I know the American people are much attached to their government; I know they would suffer much for its sake; I know they would endure evils long and patiently before they would ever think of exchanging it for another,—yet, notwithstanding all this, if the laws be continually despised and disregarded, if their rights to be secure in their persons and property are held by no better tenure than the caprice of a mob, the alienation of their affections from the government is the natural consequence; and to that, sooner or later, it must come.

Here, then, is one point at which danger may be expected.

The question recurs, How shall we fortify against it? The answer is simple. Let every American, every lover of liberty, every well-wisher to his posterity swear by the blood of the Revolution never to violate in the least particular the laws of the country, and never to tolerate their violation by others. As the patriots of seventy-six did to the support of the Declaration of Independence, so to the support of the Constitution and laws let every American pledge his life, his property, and his sacred honor. Let every man remember that to violate the law is to trample on the blood of his father, and to tear the charter of his own and his children's liberty. Let reverence for the laws be breathed by every American mother to the lisping babe that prattles on her lap; let it be taught in schools, in seminaries, and in colleges; let it be written in primers, spelling books, and in almanacs; let it be preached from the pulpit, proclaimed in legislative halls, and enforced in courts of justice. And, in short, let it become the political religion of the nation; and let the old and the young, the rich and the poor, the grave and the gay of all sexes and tongues and colors and conditions, sacrifice unceasingly upon its altars.

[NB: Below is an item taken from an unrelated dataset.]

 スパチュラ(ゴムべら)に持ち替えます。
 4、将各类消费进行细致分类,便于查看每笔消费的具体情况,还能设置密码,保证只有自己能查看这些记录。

While ever a state of feeling such as this shall universally or even very generally prevail throughout the nation, vain will be every effort, and fruitless every attempt, to subvert our national freedom.

When, I so pressingly urge a strict observance of all the laws, let me not be understood as saying there are no bad laws, or that grievances may not arise for the redress of which no legal provisions have been made. I mean to say no such thing. But I do mean to say that although bad laws, if they exist, should be repealed as soon as possible, still, while they continue in force, for the sake of example they should be religiously observed. So also in unprovided cases. If such arise, let proper legal provisions be made for them with the least possible delay, but till then let them, if not too intolerable, be borne with.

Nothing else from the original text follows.